Reysa veered away from the foot of the stairs. The three gained speed, all running together, none resisting. Reysa’s laughter infected the others, as they played an energetic game of whiplash momentum, pulling and swinging against one another, whirling and gaining speed. Reysa led their circuit of the room, between stereo and chairs, past picture windows and the great hot fireplace, the entryway, kitchen and dining table, and finally back to the cold fireplace and the sweeping curve of the staircase. With a shriek Reysa fell. Aurye tried to jump over, but tripped and crashed. Magnus stumbled, almost regained footing, only to sprawl at the foot of the stairs. He lay on his back, moaning. Reysa still laughed madly.
Aurye tried to find herself. Was she in pain? She felt joy, the excitement of belonging, not fear. It occurred to her, breathing hard, looking at the high ceiling, that she may have an advantage after all. She’d felt disadvantaged ever since Reysa picked her up. Clearly the Bergs held some agreed-upon plan, which Aurye didn’t know. But maybe she had a clearer idea than they realized. Was it possible they believed her completely unaware, when in fact she understood all but the details?

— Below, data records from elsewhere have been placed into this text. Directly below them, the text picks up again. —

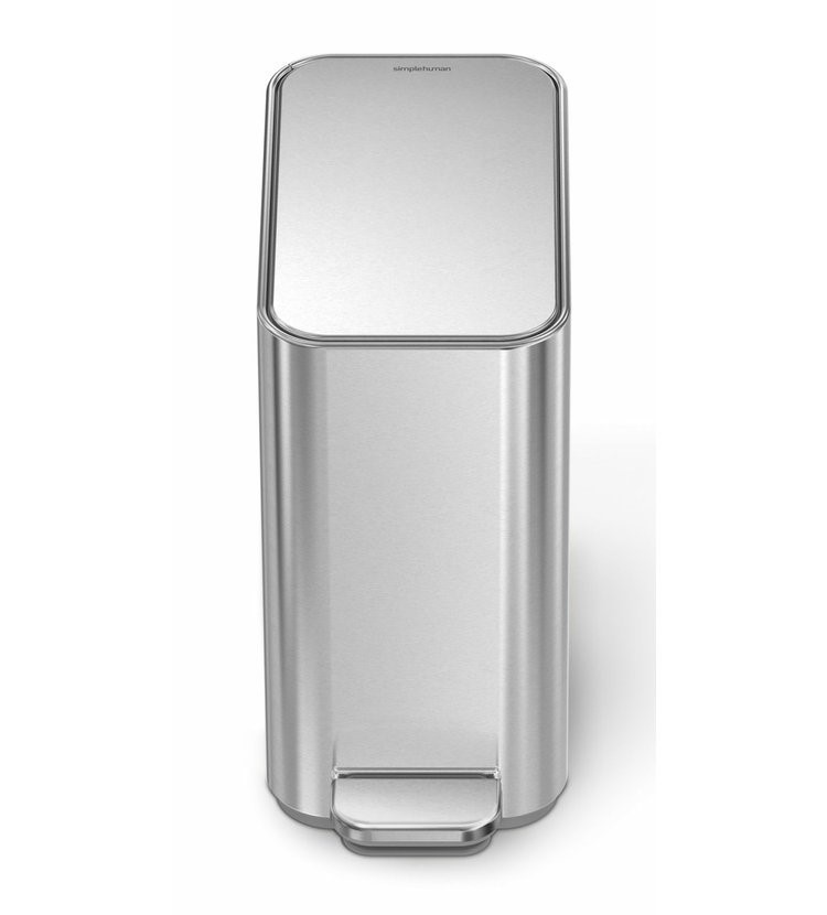 Odolný pedál je navržen tak, aby vydržel více než 150 000 sešlápnutí, což představuje více než 20 otevření denně po dobu 20 let. Patentovaná technologie Simplehuman zajišťuje pomalý pohyb víka a tiché zavírání.
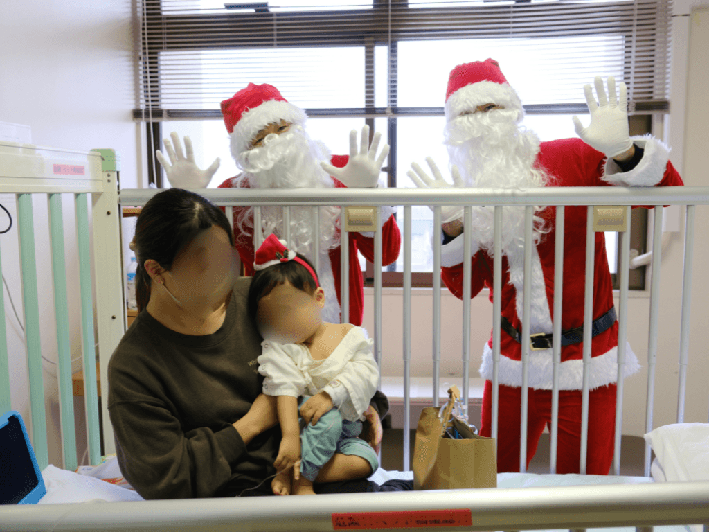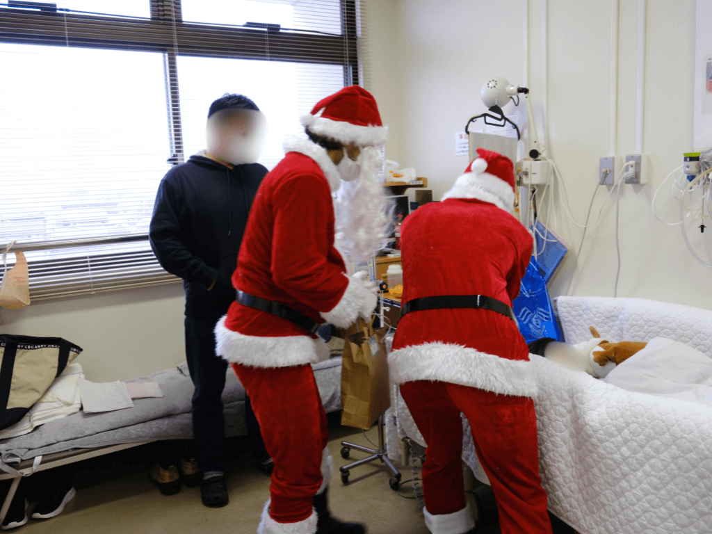 FC今治スタッフが、愛媛県立今治病院の小児科病棟を訪問しました。クリスマスイブをさまざまな事情で病院で過ごす子どもたちに、笑顔でイブを過ごすお手伝いをしたいと企画、実施いたしました。
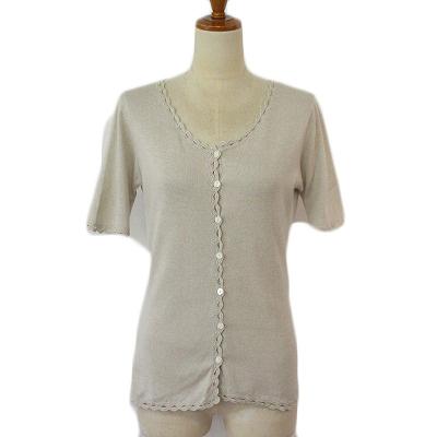 【中古】ロイスクレヨン Lois CRAYON カーディガン ニット レース 半袖 M ベージュ レディース

Reysa and Magnus expected her to be cautious, but she was a woman of experience beyond her years. She was tired of playing by imposed rules. If an opportunity came to jump to a new realm of experience, she’d take the chance. What better fix for stagnant life than to destroy it?
Still she wondered. Was their secret as simple as she guessed, some of experiment in transgressive intimacy, or something weirder? She kept thinking of three new chairs by the stereo. Maybe they wanted to invite her in. Of course this was presumptuous, but they didn’t need to know what guesses played in her mind.

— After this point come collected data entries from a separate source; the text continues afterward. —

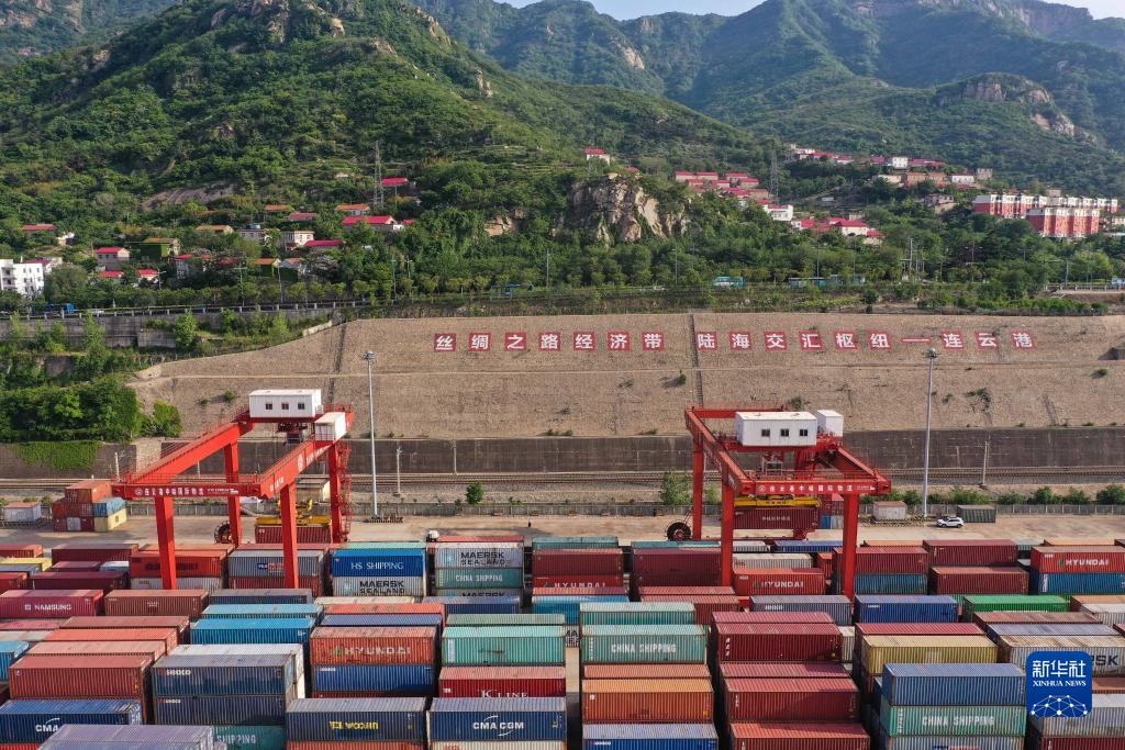 5月9日,在中哈連云港物流合作基地,龍門吊在吊裝集裝箱(無人機照片)。
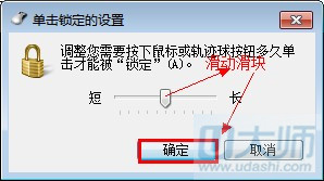 第三:跳出“单击锁定设置”对话框后再在对话框里移动滑块,设置合适之时间长度,完毕之后点击“确定”(提示:若在平时的单击操作里出现锁定,便应当适当增长锁定时间)。
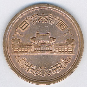 1. Монетка в 10 иен с изображением храма Бёдо-ин. 2. Лотосовый трон будды Амиды из собрания Бёдо-ина.
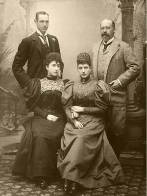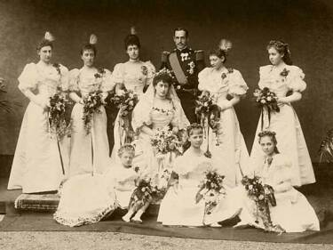 Danmárkku Prinsa Carl ja Stuora- Brittannia Prinseassa Maud – geat maŋŋil šattaiga Gonagas Haakon ja Dronnet Maud – náitaleaba Buckingham Palaces skábmamánu 22. beaivvi 1896 (Govva: Gunn & Stuart, London, Gonagaslaš hoava vuorkágovva)

Aurye looked up, found both Reysa and Magnus watching, clearly guessing at her thoughts. She looked between them, intending to convey understanding and acceptance. “I have to admit something,” she began, feigning confidence, trying to bluster through. “I think I’ve guessed why you invited me up. Were my assumptions wrong?”
Reysa looked amused. “I could probably guess your guess.”
Magnus popped himself up on his elbows. “Yet still you came.” His glasses having fallen off, the difference between his eyes was more pronounced.
Aurye looked away, covered her mouth, then realized she was only playing coy and girlish. She didn’t want to convey anything but what she actually felt. In fact, she hadn’t realized how receptive she actually was until that moment. Though nervous, she was unafraid. “I don’t know exactly what, not specifically. But I assume there’s some kind of proposition. I just don’t understand how it fits with what you said about faithfulness.” She sat nearer Reysa than Magnus, and Reysa was the one most focused upon her. “Whenever you look at me, both of you but especially Reysa, I feel you trying to figure me out. Studying me.”
“So that was it?” Reysa asked. “We convince the comely twenty-two-year-old to frolic with one of us, or both?”
Magnus looked amused. Reysa laughed, leaning against her husband, sprawled comfortably against him in the languor of intoxication.
“Isn’t that it?” Aurye asked. Any frustration or confusion dispersed as she joined their ridiculous laughter. She felt both relief and disappointment at once. “Well, then what?”
“You’re almost completely wrong,” Magnus said.
“We do have something in mind,” Reysa clarified. “An offer. An arrangement we’ll explain soon enough.”
“Sorry, I just thought I’d try being blunt, or direct.” Aurye felt slightly embarrassed, but couldn’t help noticing the Bergs still looked at her with the same eager curiosity. “At least our game doesn’t seem to have ended.”
“No,” Magnus said. “And your flexibility of mind comes as a relief.”
“Blunt directness is a virtue,” Reysa said.
“Sorry. I shouldn’t have had so much to drink,” Aurye said. “Not my first time here.”
“I’m the one who poured gallons of wine, and led us around the room like a madwoman,” Reysa said. “Anyway, when the time comes for us to be blunt and direct with you, I hope you’ll keep that open mind.”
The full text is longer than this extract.